In summary, all the ASD vs NT alterations found in the training dataset were not significant in the validation dataset (ASD group effects p > 0.05), despite showing similar trends for reactivity to eye opening and PS elastic net model. This could be due to sampling error and to limited statistical power for detecting weak effects in the validation dataset. This is illustrated by the following power considerations. The statistical power to detect an effect size (standardized mean difference) of 0.5 in the validation dataset is 72%, but if this effect is for example restricted to adults only (which could be the case for reactivity to eye opening training dataset), the statistical power is only 18%. This means that there is a high chance of not finding significant effects in the validation dataset even if the true ASD phenotype was close to that found in the training dataset and there was a weak interaction between age and group. More details can be found in Additional file 1.

Discussion

We investigated differences in resting state EEG parameters between autistic and neurotypical individuals with average to high intellectual abilities from childhood to adulthood in a large and well-controlled cohort (n = 212 ASD and n = 199 NT). We analyzed various EEG metrics (alpha peak properties, PS, FC) that have been suggested to be altered in ASD. We examined whether the NT and ASD groups differed in in either mean or variance across PS and FC features using univariate testing along with cluster-based permutation tests. We then used machine learning to assess whether combining EEG features could unveil complex patterns separating ASD and NT participants. To test the generalizability of the results, alternative models using a stricter ASD definition and additional PS and FC endpoints were tested, as well as models trained in children, adolescents or adults-only. These analyses were embedded within a train–test approach to enable the testing of various models and underlying hypotheses while minimizing the likelihood of finding false positive results. In the training set, we found significant differences between ASD and NT for three EEG metrics: (1) interaction between age and diagnosis for the reactivity to eye opening with stronger age-related increases in the NT than the ASD cohort (2) significant but rather weak classification performance for PS and wPLI across age groups and for wPLI in children (accuracy of 0.56–0.64, sensitivity 0.52–0.62, specificity 0.59–0.73). The effects in the validation dataset were non-significant, but they were in line with those found in the training dataset (overlapping with the training dataset’s prediction interval or with internal cross-validation performance). This could be explained either by no consistent effects or by consistent albeit weak effects across both datasets.
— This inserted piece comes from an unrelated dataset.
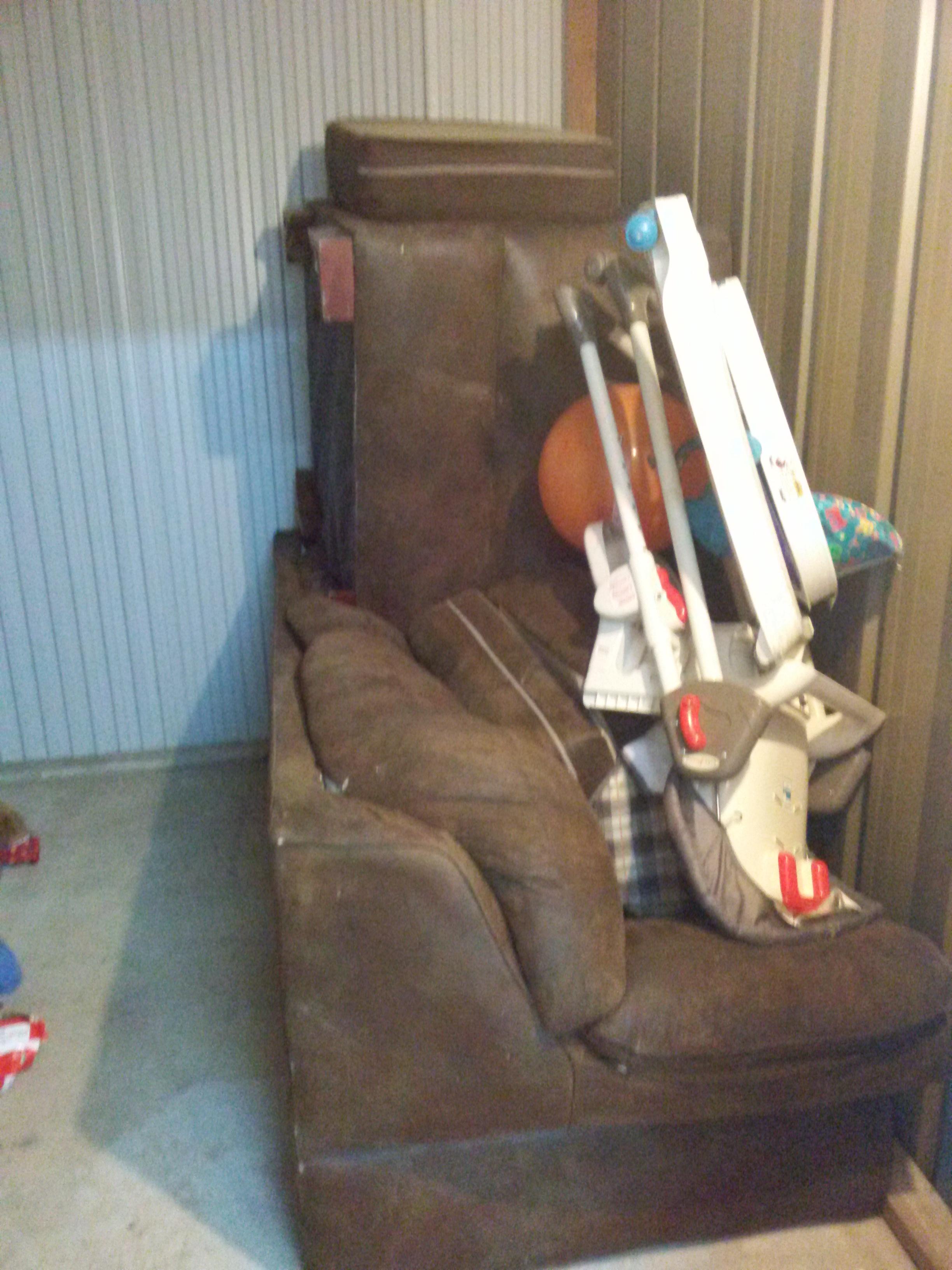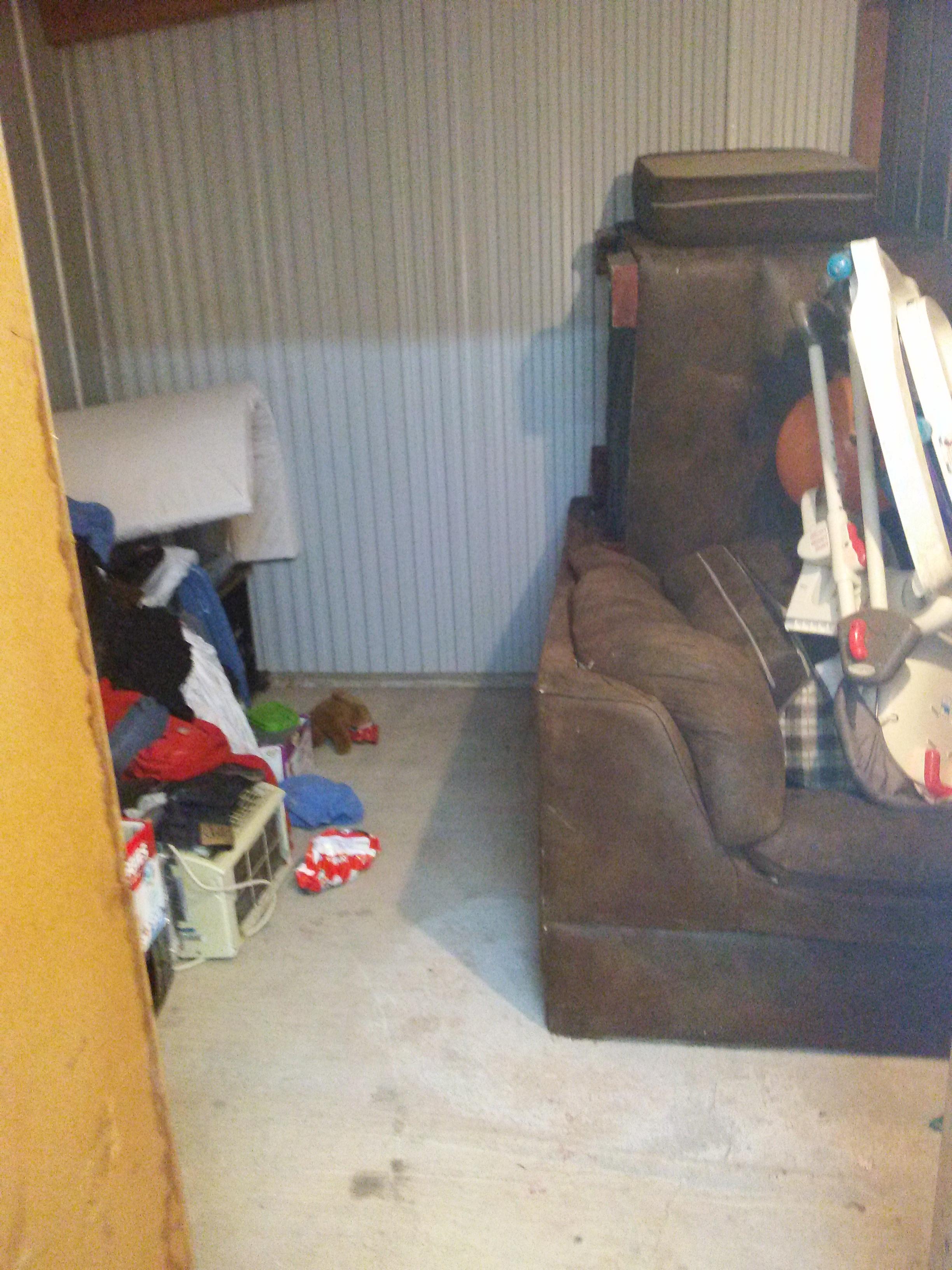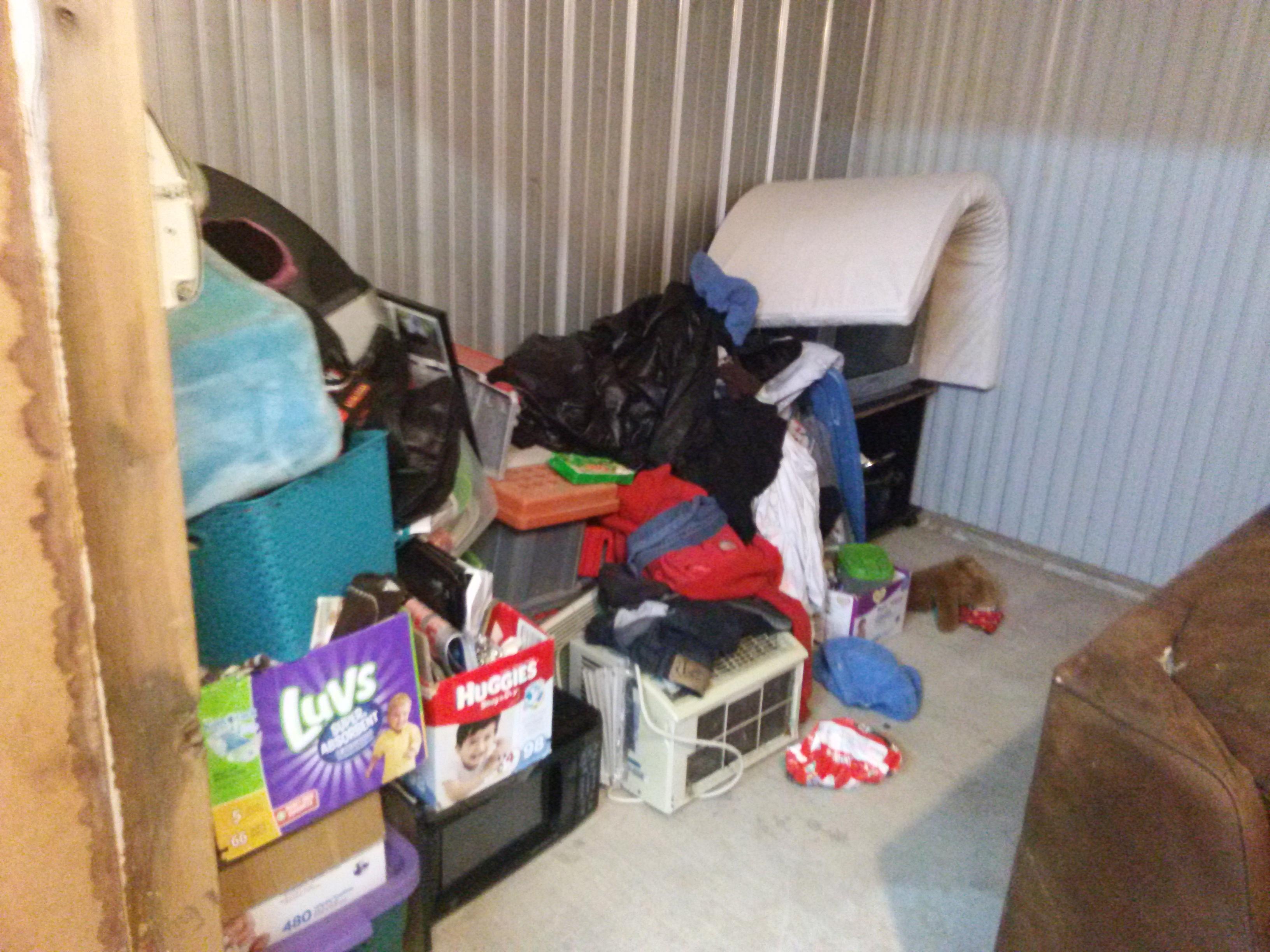 This unit appears to contain boxes, baby items couch and other household items.

Age-dependent maturation of brain rhythms

In line with previous studies of NT developmental trajectories, we observed the expected developmental changes of EEG features, such as age-related increases in alpha peak frequency, relative upper alpha/beta power and average FC [51,52,53,54]. This can be seen as a plausibility check for this dataset.

Our results in the context of the literature

Directly comparing our results with previous publications is complicated by heterogeneity in the methods (e.g., specific EEG parameter extracted, FC metric, regions of interest to estimate pairwise connectivity) and the ASD subpopulation (e.g., age range, IQ, sex). A careful comparison with prior work is nonetheless critical to inform future work with EEG in ASD. Of particular relevance to this effort is O’Reilly et al.’s prior systematic analysis of EEG/MEG FC literature [17]. They evaluated the support for two popular hypotheses in the ASD field—long-range hypoconnectivity and local hyperconnectivity—and concluded that there was relatively strong support for long-range hypoconnectivity in ASD. However, heterogeneity in methods precluded a quantitative meta-analytic confirmation of this phenomenon or of which EEG parameter would best quantify it. Additionally, publications from the largest reviewed dataset [55, 56] enrolling 430 ASD and 554 NT found a mixture of long-range hypo- and hyperconnectivity, suggesting that the long-range hyperconnectivity hypothesis may not fully reflect the complexity of ASD. The authors found an impressive 86% ASD vs. NT classification accuracy, but we cannot test whether their results replicate in the LEAP dataset because their findings are based on a multivariate combination of thousands of features, and the exact combination of features and model weights is not available for download. Although the original study excluded high functioning autism and Asperger [56], the authors found that their original multivariate model also classified NT vs. Asperger with high accuracy [55], so the IQ range of the cohorts do not seem to be causing the discrepancy between their results and ours.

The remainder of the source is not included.